Joe leaped forward and caught her.
‘Is that my old armour?’ he said, eyes wide. ‘By Jove.’
‘That was the only way to get in here. Are you angry?’
‘Oh, hell, Rachel,’ he breathed. ‘Do you have any idea how ridiculous you look?’
‘I am betting it is not as ridiculous as I feel.’
‘I told you, Rachel. It is better if you just stay away from me.’
She sighed. ‘I didn’t come here only to see you. I think there is another mole and Mr Symonds can help me catch him. Although I am glad you are here.’
‘What do you mean? What is going on?’
‘Joe, I … I made so many mistakes. I should have told you everything from the start. I did transfer to the Finance Section, but I was really chasing a mole, off the books. It was somebody in the Iberian Section—that was one reason why I got so angry when you said you had to go to Spain. I knew it wouldn’t be safe. It all went bad, and … I think I am leaving the Service. Or they might make me go first.’
‘That’s awful, Rachel.’
She laughed. ‘You know, I don’t think it is.’

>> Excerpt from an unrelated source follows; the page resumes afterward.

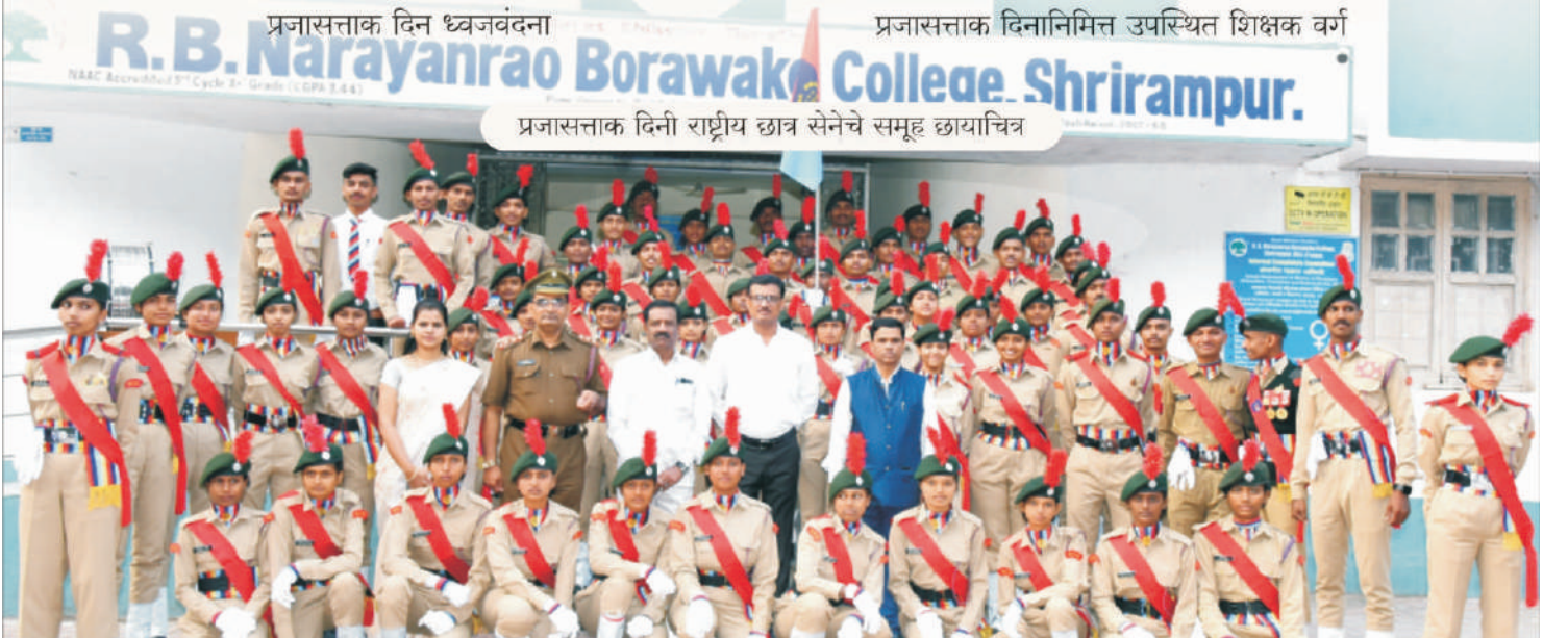
प्रजासत्ताक दिनी राष्ट्रीय छात्र सेनेचे समूह छायाचित्र
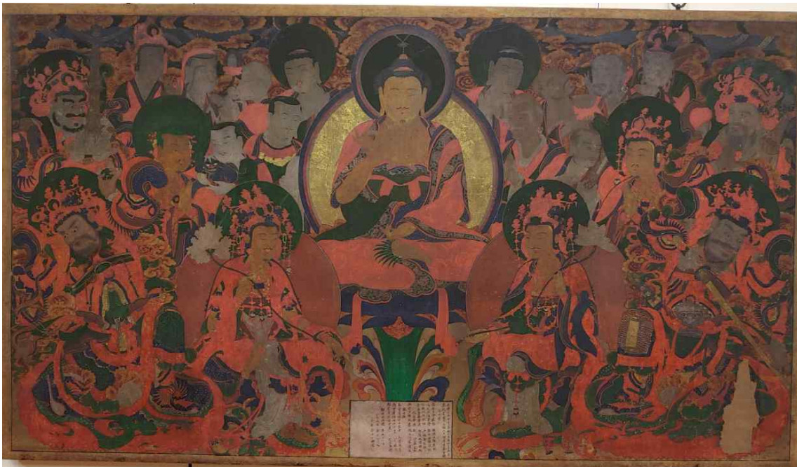
그림 5. <중대 사자암 석가여래회도>, 1894, 면본채색, 화면 전체 가로 238cm, 세로 137cm, 월정사 성보박물관.

<중대 사자암 석가여래회도>는 오대산 중대 사자암 향각(香閣)에 봉안되었던 불화로 주존불인 목조 비로자나불좌상의 후불도로 모셔져 있었다. 이 그림은 면 3매를 화면의 길이만큼 재단하여 세로로 잇대어(향 좌로부터 97cm, 106cm, 36cm) 바탕질을 마련하여 나무로 짠 틀에 올린 패널 형태로 상부에는 그림을 걸 수

Joe squeezed her gloved hand.
‘Now, could you take me home, please?’ Rachel asked. ‘We still have things to talk about. I will tell you everything. And I desperately need to pee.’
* * *
Back in St John’s Wood, Rachel called Joan and Helen and told them about the plan. When they heard it was a chance to get back at the Soviets, they swore they would do everything they could to help. She asked Gertrude to make coffee—it was going to be a long night.
After that, there was nothing to do but to wait for Symonds to call. Joe and Rachel sat by the gas fire. She wore a dressing gown, luxuriating in the feel of silk on her bare skin after what felt like hours of imprisonment in the armour.

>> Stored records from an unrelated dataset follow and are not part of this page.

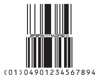
標準二層型 (Stacked Omnidirectional)
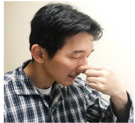
(圖 1: 頭向前俯)
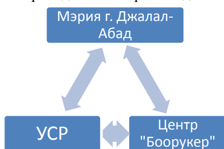
Рис. 3. Механизм предоставления социальной поддержки

В качестве положительного примера предлагается рассмотреть взаимодействие УСР г. Джалал-Абад с мэрией г. Джалал-Абад. УСР составляет бюджет на целый год, который утверждается на заседании городского кенеша и в течение года работа проводится строго по утвержденному плану и бюджету. Списки на оказание социальной поддержки из местного бюджета составляет УСР. Денежные средства, выделенные на социальную защиту из местного бюджета, перечисляются на счет Центра «Боорукер» при мэрии.
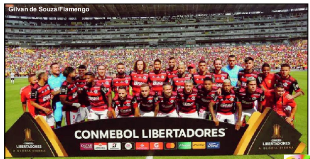
Gilvan de Souza/Flamengo
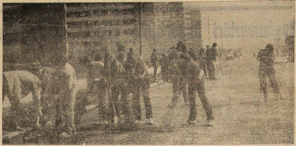
In imagine, elevii de la Liceul industrial din Vulcan lucrează la curățarea celei mai moderne artere de circulație a orașului: Bulevardul Victoriei.
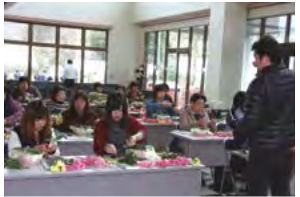
↑講師の手ほどきを受けながら花を生けるフラワーアレンジメント教室の参加者

‘I wasn’t fair to you in the restaurant,’ she said, looking at the flames. ‘I asked you to tell me about what happened, and you did. I’m sorry I got angry.’
‘I understand. You didn’t know what I was.’

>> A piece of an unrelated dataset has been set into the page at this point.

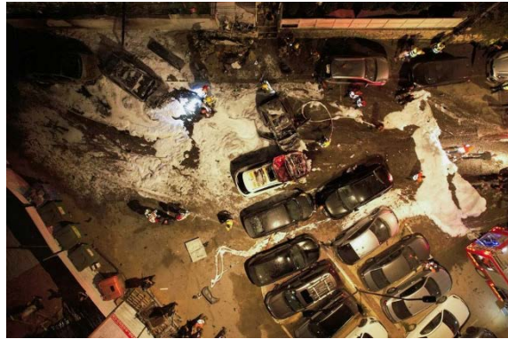
מימין: פגיעה ישירה של רקטה מעזה בקריית אוננו. משמאל: פגיעה ישירה של רקטה מעזה בבניין מגורים בתל אביב

‘I know what you are, Joe. You don’t have to be anything else.’
‘I watched your expression change, when you understood, when—’
‘Look at me,’ Rachel said. ‘I slept with Roger Hollis.’
Joe’s face screwed up in a rugby-scrum grimace. ‘Rachel,’ he whispered.
‘I had to do something that would make me feel guilty, to hide my thoughts from Bloom.’ She realised how crazy it sounded. ‘And so I did it, without thinking, without hesitation. A few weeks ago, I kissed a Soviet defector to keep his face from the press. I nearly got shot, too. I stole documents from the Registry to win Bloom’s trust. The Soviets have them now. You did not have a choice in the war, Joe, but I did, with all those things. Does that not make me the bigger monster?
‘I thought about what you said the other night, how you can’t live without the war. Well, the Service has been like that for me, even before the baby. It wasn’t about fighting the Russians or finding out about Grabber plots. I wanted to show that I was just as good as everybody else.
‘But you know what? In the end, the reason I am still trying is not because I failed, not because of the Service, but to keep you safe. After that, I am done.’
‘Rachel—’
‘Don’t say anything. I just want you to stay here for one night, before you leave. And come back alive.’
He kneeled in front of her, took her hand in his and kissed it. She bent over and pressed her forehead against Joe’s. She wished she could transfer her thoughts through his skull, as spirits did in the aether.
But maybe she already had.
Finally, Joe spoke. ‘Did you know that not even the Queen has been in the Alba?’
‘Would you have preferred it if I had been the Queen?’
Joe smiled. ‘No. No, I wouldn’t.’
‘I say, Captain White.’ His eyes were green and flecked with gold. ‘That is very unpatriotic of you.’
She took his hand, placed it on her breast and kissed him.
At that moment, her ectophone rattled.
‘Oh, hell,’ Rachel muttered and picked it up.
IT’S DONE, the rotors said.
‘I’m sorry, Joe. I have to go. One last time, I promise.’
‘No,’ Joe said. ‘Whatever it is that you are going to do, I’m coming with you.’